Data:
· · ·
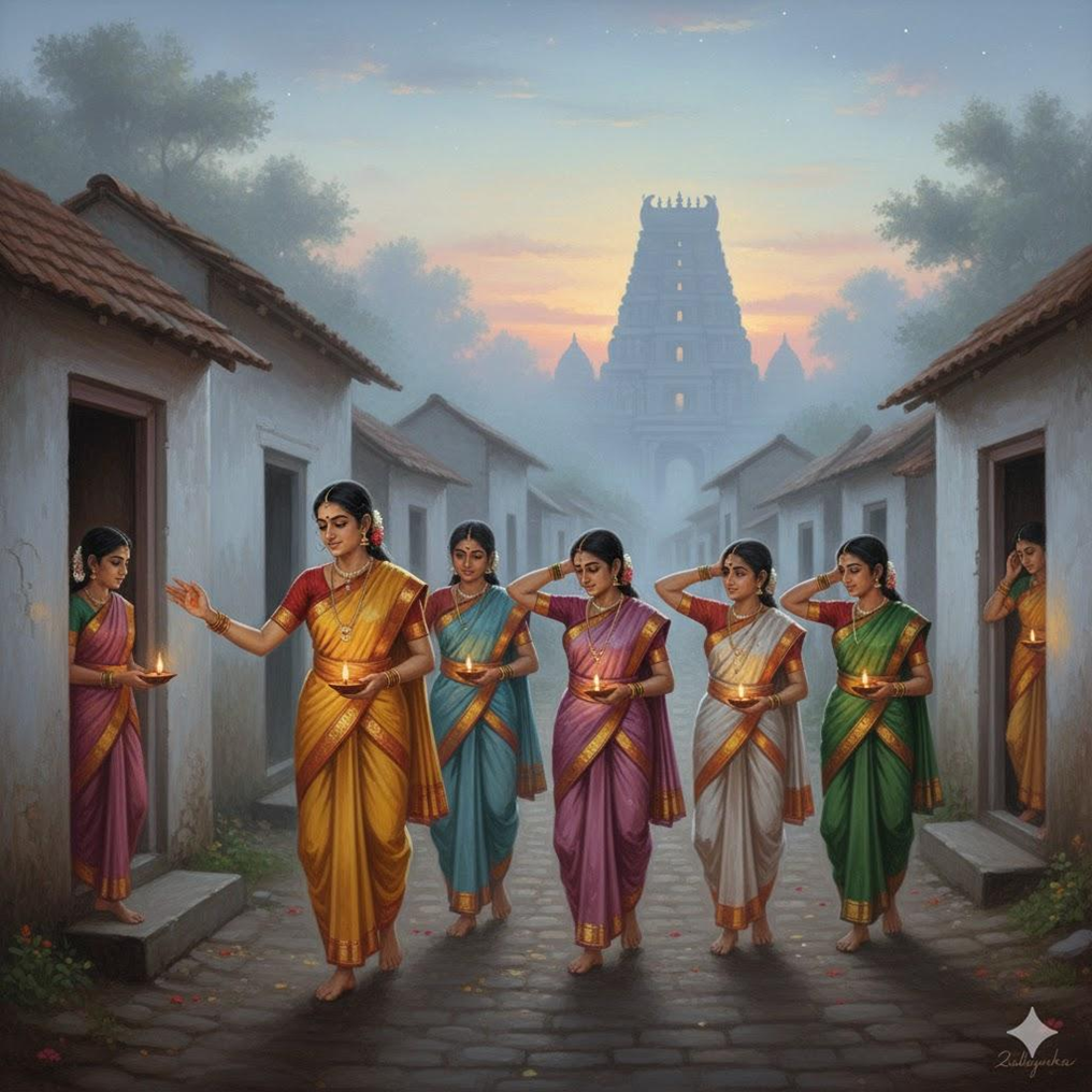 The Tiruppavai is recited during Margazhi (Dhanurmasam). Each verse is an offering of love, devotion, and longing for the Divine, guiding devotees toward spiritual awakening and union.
· · ·
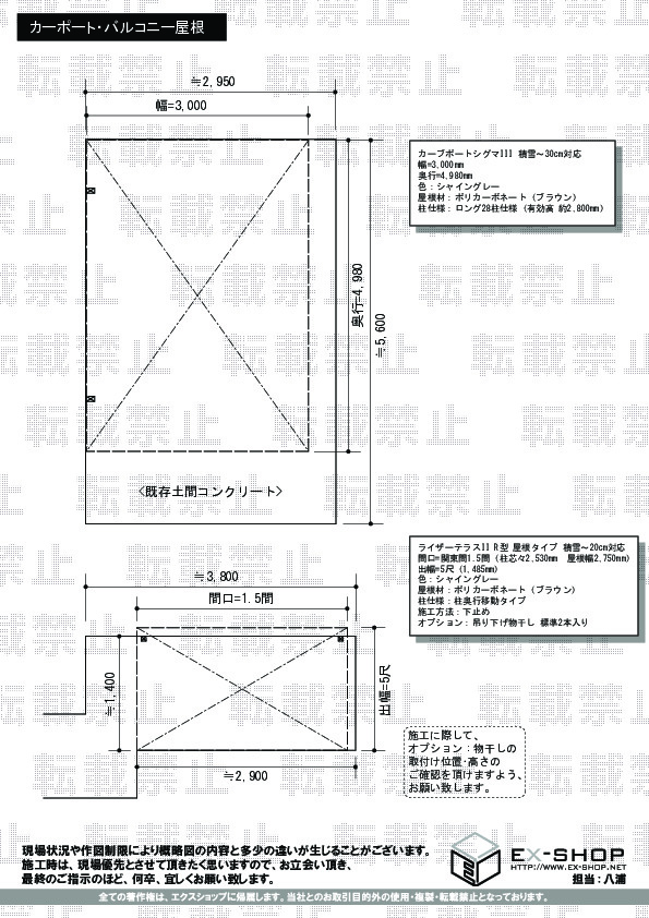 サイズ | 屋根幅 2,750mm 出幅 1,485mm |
· · ·
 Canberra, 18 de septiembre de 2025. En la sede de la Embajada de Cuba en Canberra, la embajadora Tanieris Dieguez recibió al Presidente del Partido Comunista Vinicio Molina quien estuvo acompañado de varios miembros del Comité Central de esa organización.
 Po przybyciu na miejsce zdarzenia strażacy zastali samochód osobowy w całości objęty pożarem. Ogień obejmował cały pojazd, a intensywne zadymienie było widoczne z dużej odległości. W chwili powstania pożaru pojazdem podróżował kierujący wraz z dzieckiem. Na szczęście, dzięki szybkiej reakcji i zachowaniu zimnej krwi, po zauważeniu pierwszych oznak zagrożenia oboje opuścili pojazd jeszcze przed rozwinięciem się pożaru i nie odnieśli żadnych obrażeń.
· · ·
Aim of the task: Would you retype the lines above from the one with "Canberra, 18 de" down to the one with "Po przybyciu na", word for word, both ends included and no other lines?

Final answer:
 Canberra, 18 de septiembre de 2025. En la sede de la Embajada de Cuba en Canberra, la embajadora Tanieris Dieguez recibió al Presidente del Partido Comunista Vinicio Molina quien estuvo acompañado de varios miembros del Comité Central de esa organización.
 Po przybyciu na miejsce zdarzenia strażacy zastali samochód osobowy w całości objęty pożarem. Ogień obejmował cały pojazd, a intensywne zadymienie było widoczne z dużej odległości. W chwili powstania pożaru pojazdem podróżował kierujący wraz z dzieckiem. Na szczęście, dzięki szybkiej reakcji i zachowaniu zimnej krwi, po zauważeniu pierwszych oznak zagrożenia oboje opuścili pojazd jeszcze przed rozwinięciem się pożaru i nie odnieśli żadnych obrażeń.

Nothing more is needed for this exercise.